Exercise goal:
Among the lines below, keep only those from the one containing "This framed canvas" through the one containing "Utyful كابري جينز", and reproduce them exactly.

Information provided:
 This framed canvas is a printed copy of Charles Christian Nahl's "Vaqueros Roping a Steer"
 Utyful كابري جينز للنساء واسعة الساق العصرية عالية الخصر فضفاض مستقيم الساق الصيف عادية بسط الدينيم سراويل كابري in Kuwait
==
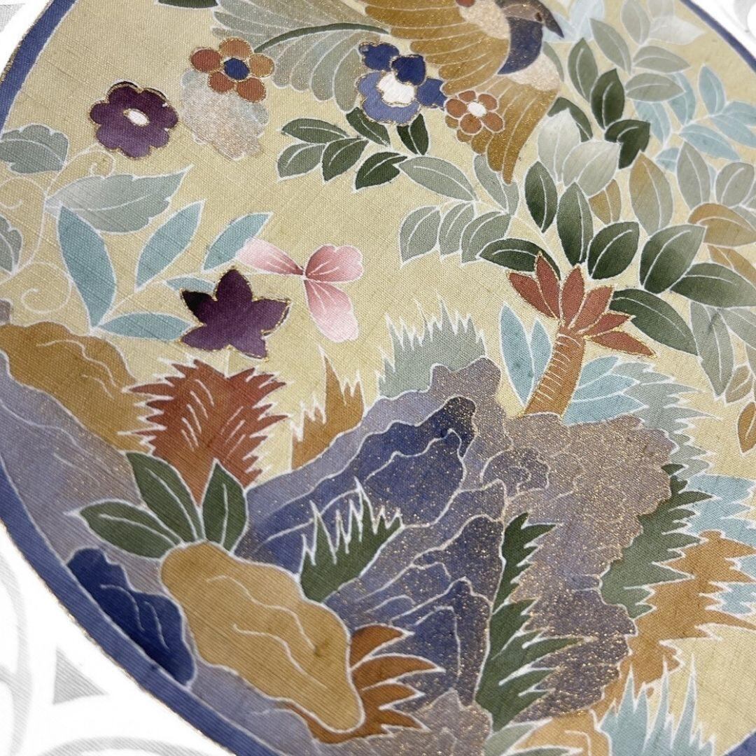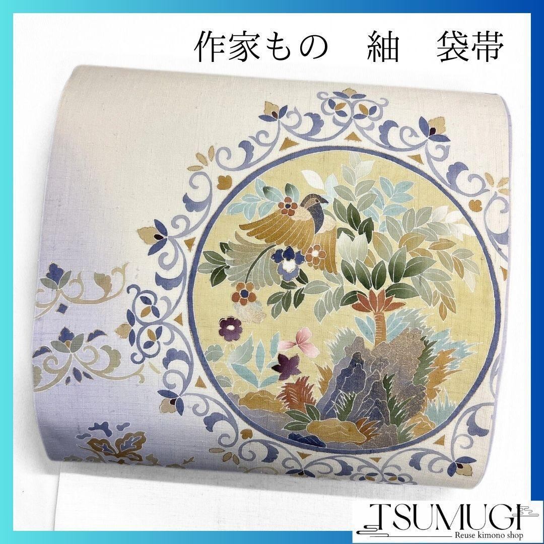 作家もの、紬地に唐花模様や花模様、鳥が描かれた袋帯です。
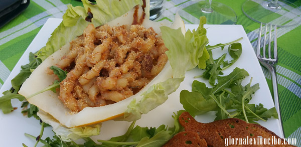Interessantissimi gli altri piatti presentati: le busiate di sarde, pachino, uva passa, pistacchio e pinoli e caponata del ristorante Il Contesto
---
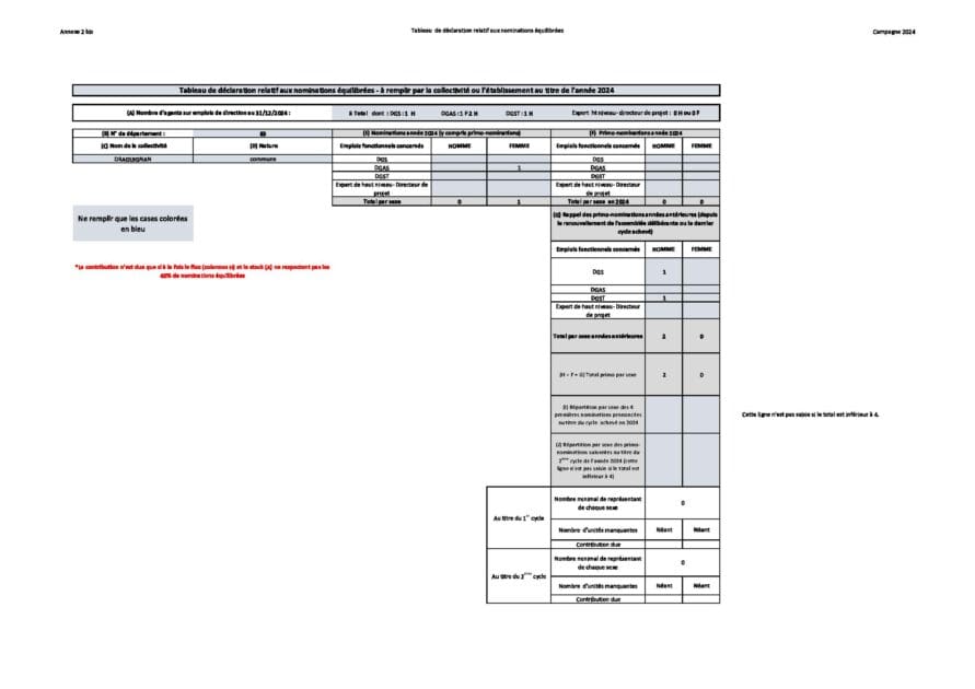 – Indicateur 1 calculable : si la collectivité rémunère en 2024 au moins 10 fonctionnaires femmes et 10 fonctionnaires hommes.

Response to the task:
 This framed canvas is a printed copy of Charles Christian Nahl's "Vaqueros Roping a Steer"
 Utyful كابري جينز للنساء واسعة الساق العصرية عالية الخصر فضفاض مستقيم الساق الصيف عادية بسط الدينيم سراويل كابري in Kuwait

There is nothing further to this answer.